- WORK TO BE COMPLETED:
Among the entries below, only the lines from the one with "details see: http://www.ynu.ac.jp/hus/alumni/17309/detail.html" through the one with "#103 • Full" are wanted, reproduced exactly. Pictures are not wanted.

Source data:
______

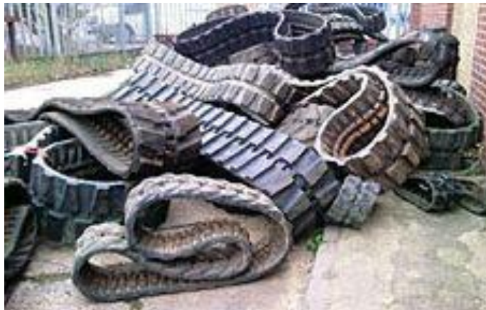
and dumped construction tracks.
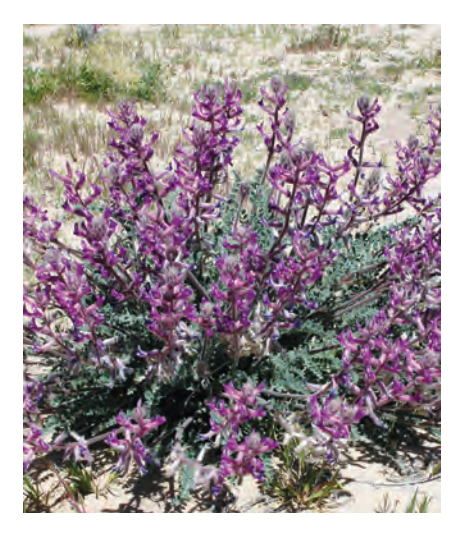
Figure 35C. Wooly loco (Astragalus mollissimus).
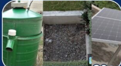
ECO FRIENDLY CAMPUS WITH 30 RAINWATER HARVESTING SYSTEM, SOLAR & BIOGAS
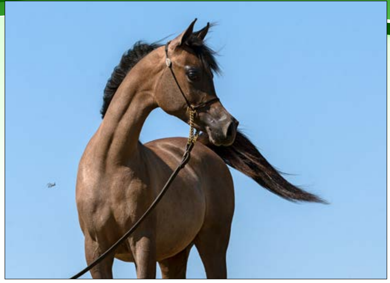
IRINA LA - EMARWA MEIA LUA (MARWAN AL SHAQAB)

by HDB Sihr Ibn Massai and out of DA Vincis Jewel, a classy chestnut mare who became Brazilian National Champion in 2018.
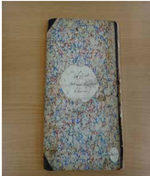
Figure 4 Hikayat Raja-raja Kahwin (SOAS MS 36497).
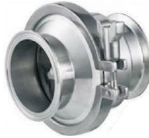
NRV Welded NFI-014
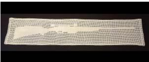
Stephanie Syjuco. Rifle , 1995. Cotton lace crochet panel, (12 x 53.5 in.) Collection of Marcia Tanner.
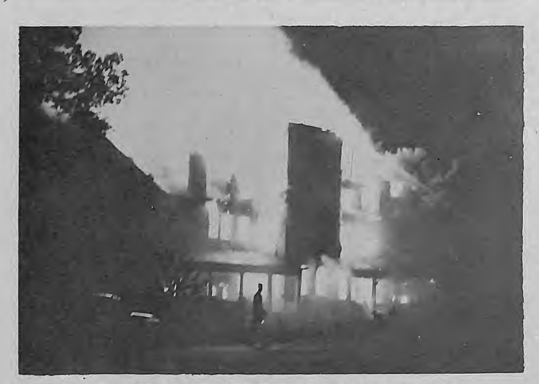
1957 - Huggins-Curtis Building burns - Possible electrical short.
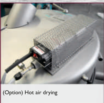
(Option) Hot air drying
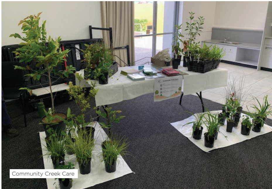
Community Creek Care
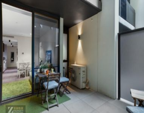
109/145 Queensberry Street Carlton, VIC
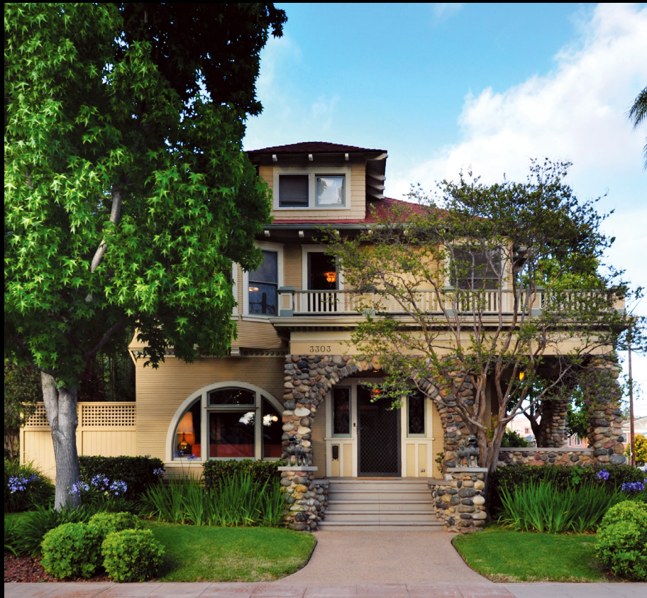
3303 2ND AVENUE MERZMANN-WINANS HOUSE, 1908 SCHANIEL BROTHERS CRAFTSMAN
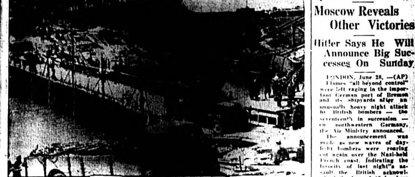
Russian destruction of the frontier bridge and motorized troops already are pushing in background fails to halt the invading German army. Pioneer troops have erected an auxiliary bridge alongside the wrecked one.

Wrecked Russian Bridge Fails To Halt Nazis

______

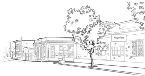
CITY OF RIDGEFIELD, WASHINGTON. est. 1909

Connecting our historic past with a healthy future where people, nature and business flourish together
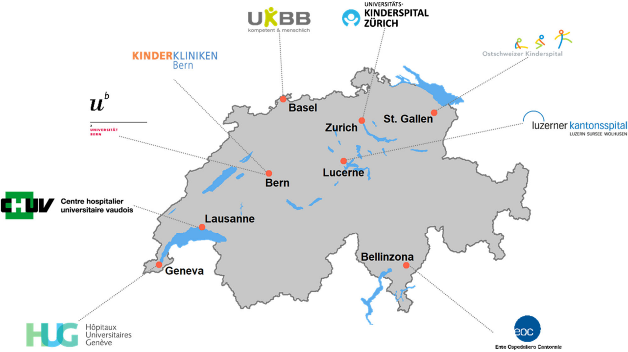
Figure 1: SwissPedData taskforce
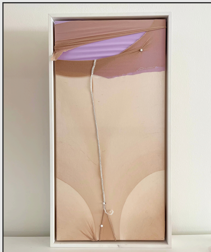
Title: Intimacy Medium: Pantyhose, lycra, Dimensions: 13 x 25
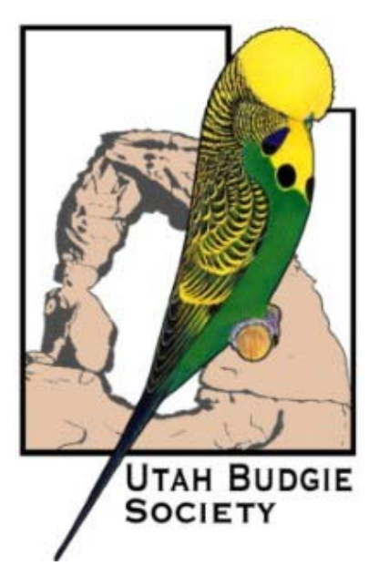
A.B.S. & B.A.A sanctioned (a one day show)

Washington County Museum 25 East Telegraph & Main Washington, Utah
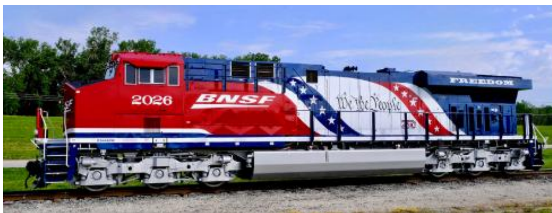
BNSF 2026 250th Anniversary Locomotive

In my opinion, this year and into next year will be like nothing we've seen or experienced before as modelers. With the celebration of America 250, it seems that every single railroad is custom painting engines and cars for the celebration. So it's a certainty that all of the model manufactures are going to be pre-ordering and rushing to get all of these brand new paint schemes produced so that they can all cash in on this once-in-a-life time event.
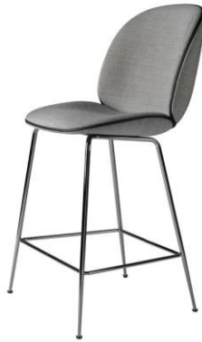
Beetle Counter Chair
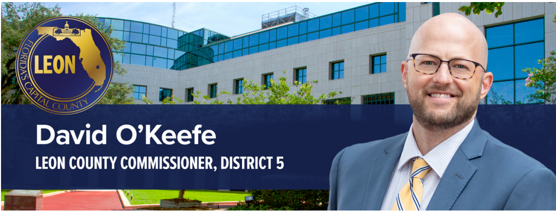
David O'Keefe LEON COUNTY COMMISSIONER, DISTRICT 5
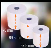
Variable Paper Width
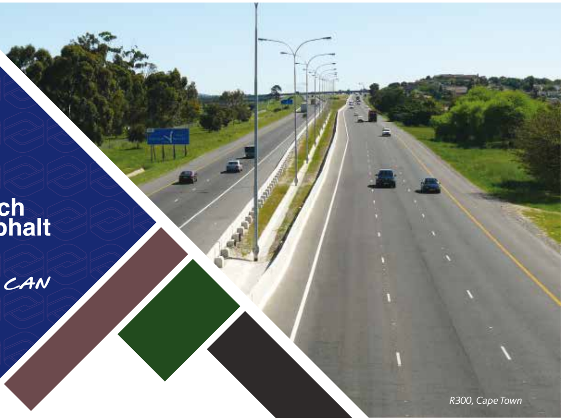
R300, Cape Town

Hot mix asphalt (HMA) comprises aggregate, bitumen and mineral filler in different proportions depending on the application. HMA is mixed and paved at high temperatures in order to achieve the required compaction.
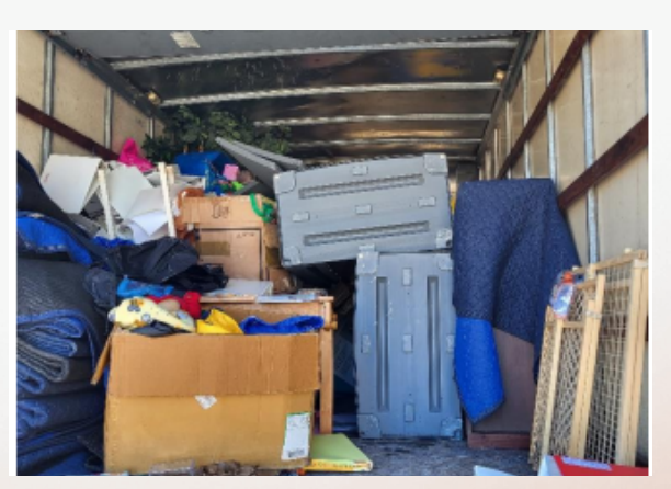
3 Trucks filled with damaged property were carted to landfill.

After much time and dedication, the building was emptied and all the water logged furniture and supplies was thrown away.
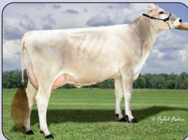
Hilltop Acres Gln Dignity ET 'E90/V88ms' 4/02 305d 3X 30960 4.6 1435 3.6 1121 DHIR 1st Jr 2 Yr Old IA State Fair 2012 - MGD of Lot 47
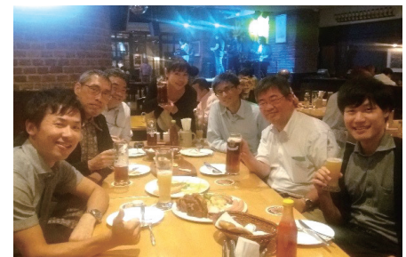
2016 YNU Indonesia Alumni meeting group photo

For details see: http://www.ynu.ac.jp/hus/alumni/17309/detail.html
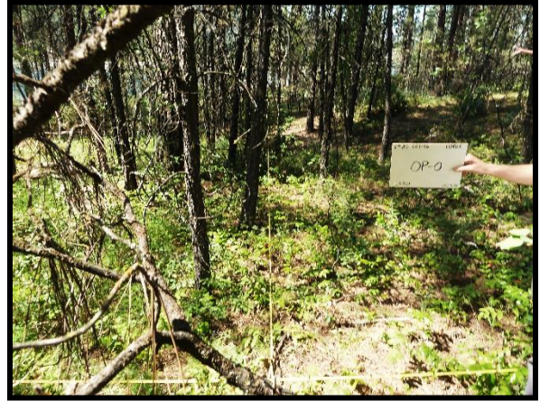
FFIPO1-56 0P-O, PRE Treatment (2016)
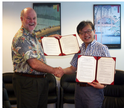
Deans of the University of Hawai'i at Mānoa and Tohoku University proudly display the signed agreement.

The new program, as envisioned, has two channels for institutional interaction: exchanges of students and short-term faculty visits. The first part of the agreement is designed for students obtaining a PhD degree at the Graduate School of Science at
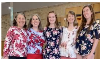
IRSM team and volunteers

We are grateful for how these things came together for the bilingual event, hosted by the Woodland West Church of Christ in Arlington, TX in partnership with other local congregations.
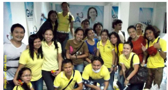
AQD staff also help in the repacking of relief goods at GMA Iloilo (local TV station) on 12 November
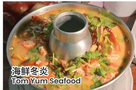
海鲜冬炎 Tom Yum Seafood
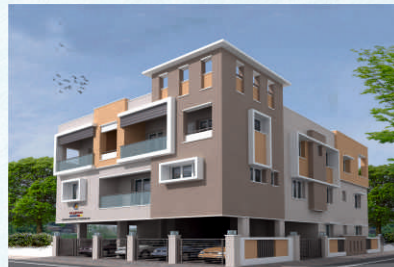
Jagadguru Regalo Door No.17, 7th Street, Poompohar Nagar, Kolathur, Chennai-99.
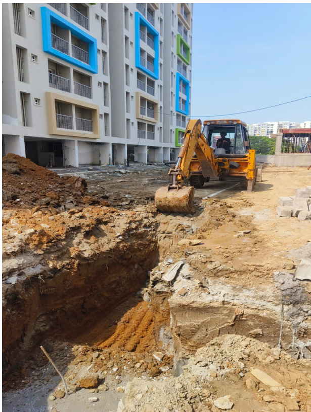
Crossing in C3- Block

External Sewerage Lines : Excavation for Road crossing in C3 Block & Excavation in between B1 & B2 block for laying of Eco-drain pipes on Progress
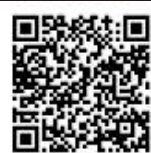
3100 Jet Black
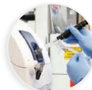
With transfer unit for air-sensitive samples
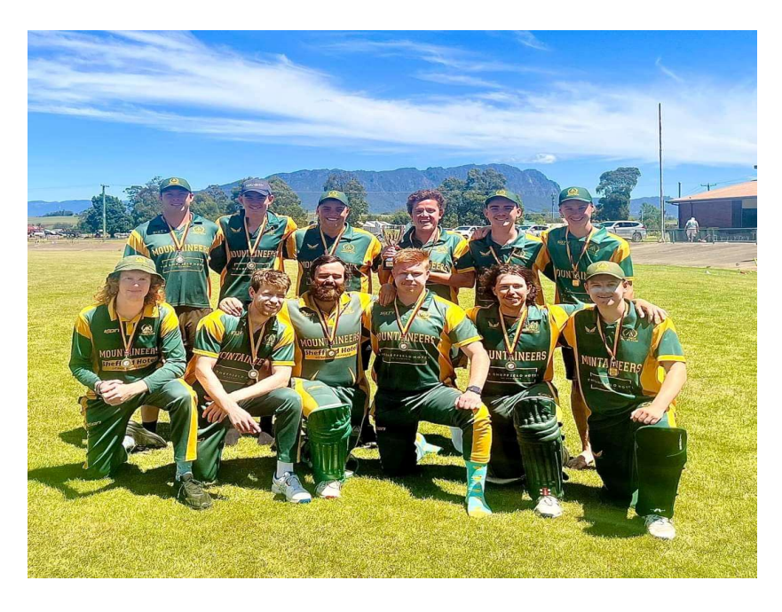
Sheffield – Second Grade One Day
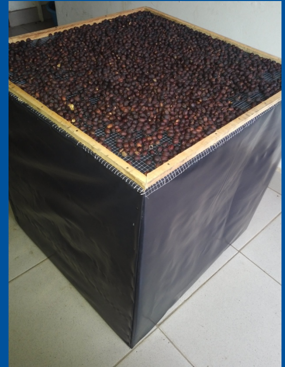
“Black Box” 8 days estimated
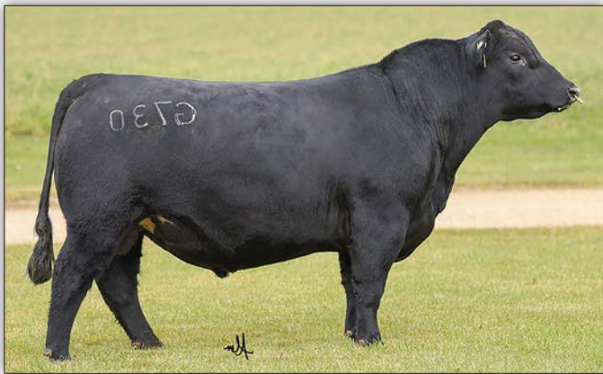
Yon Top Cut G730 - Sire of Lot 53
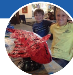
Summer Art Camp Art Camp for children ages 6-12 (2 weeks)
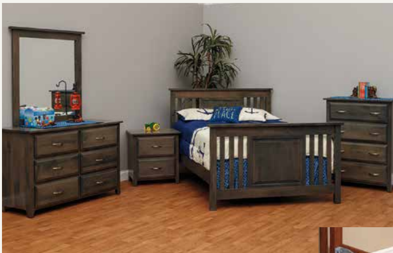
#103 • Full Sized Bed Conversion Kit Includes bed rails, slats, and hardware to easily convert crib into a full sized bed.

______

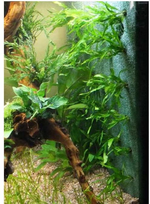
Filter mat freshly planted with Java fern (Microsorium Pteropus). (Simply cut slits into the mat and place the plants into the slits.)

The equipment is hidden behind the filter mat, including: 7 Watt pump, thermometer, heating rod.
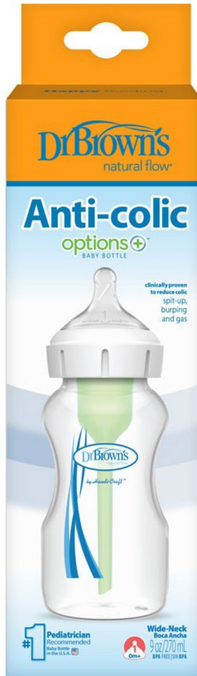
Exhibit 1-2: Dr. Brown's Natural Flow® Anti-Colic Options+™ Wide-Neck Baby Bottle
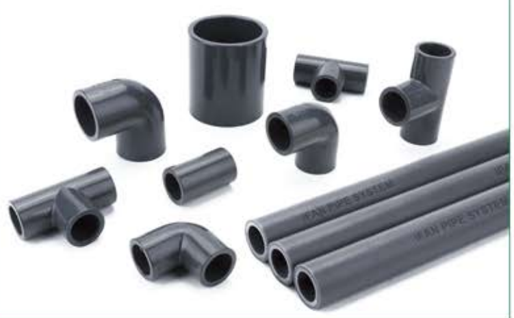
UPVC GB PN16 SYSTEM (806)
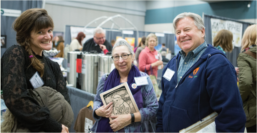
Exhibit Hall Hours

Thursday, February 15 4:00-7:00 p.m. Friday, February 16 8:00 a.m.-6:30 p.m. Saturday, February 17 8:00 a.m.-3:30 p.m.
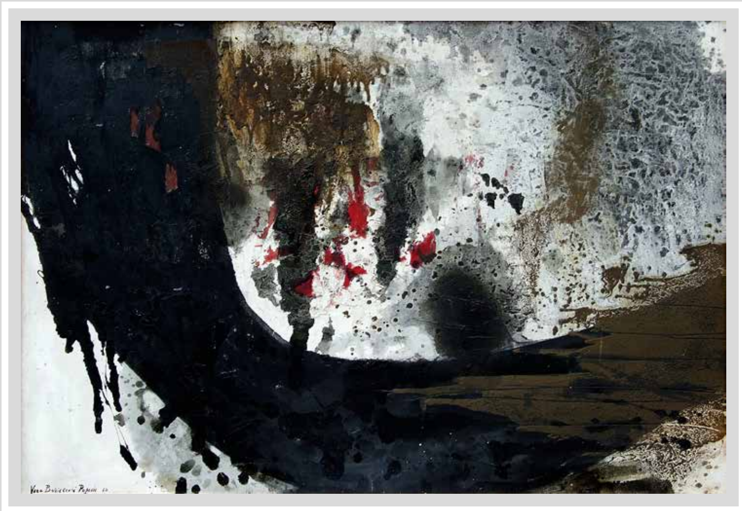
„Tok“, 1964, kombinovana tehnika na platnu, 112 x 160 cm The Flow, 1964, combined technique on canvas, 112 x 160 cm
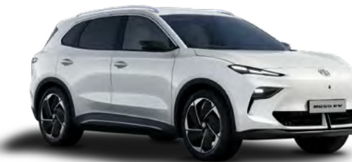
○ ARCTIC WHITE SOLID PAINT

______

- TASK RESPONSE:
For details see: http://www.ynu.ac.jp/hus/alumni/17309/detail.html
FFIPO1-56 0P-O, PRE Treatment (2016)
Deans of the University of Hawai'i at Mānoa and Tohoku University proudly display the signed agreement.

The new program, as envisioned, has two channels for institutional interaction: exchanges of students and short-term faculty visits. The first part of the agreement is designed for students obtaining a PhD degree at the Graduate School of Science at
IRSM team and volunteers

We are grateful for how these things came together for the bilingual event, hosted by the Woodland West Church of Christ in Arlington, TX in partnership with other local congregations.
AQD staff also help in the repacking of relief goods at GMA Iloilo (local TV station) on 12 November
海鲜冬炎 Tom Yum Seafood
Jagadguru Regalo Door No.17, 7th Street, Poompohar Nagar, Kolathur, Chennai-99.
Crossing in C3- Block

External Sewerage Lines : Excavation for Road crossing in C3 Block & Excavation in between B1 & B2 block for laying of Eco-drain pipes on Progress
3100 Jet Black
With transfer unit for air-sensitive samples
Sheffield – Second Grade One Day
“Black Box” 8 days estimated
Yon Top Cut G730 - Sire of Lot 53
Summer Art Camp Art Camp for children ages 6-12 (2 weeks)
#103 • Full Sized Bed Conversion Kit Includes bed rails, slats, and hardware to easily convert crib into a full sized bed.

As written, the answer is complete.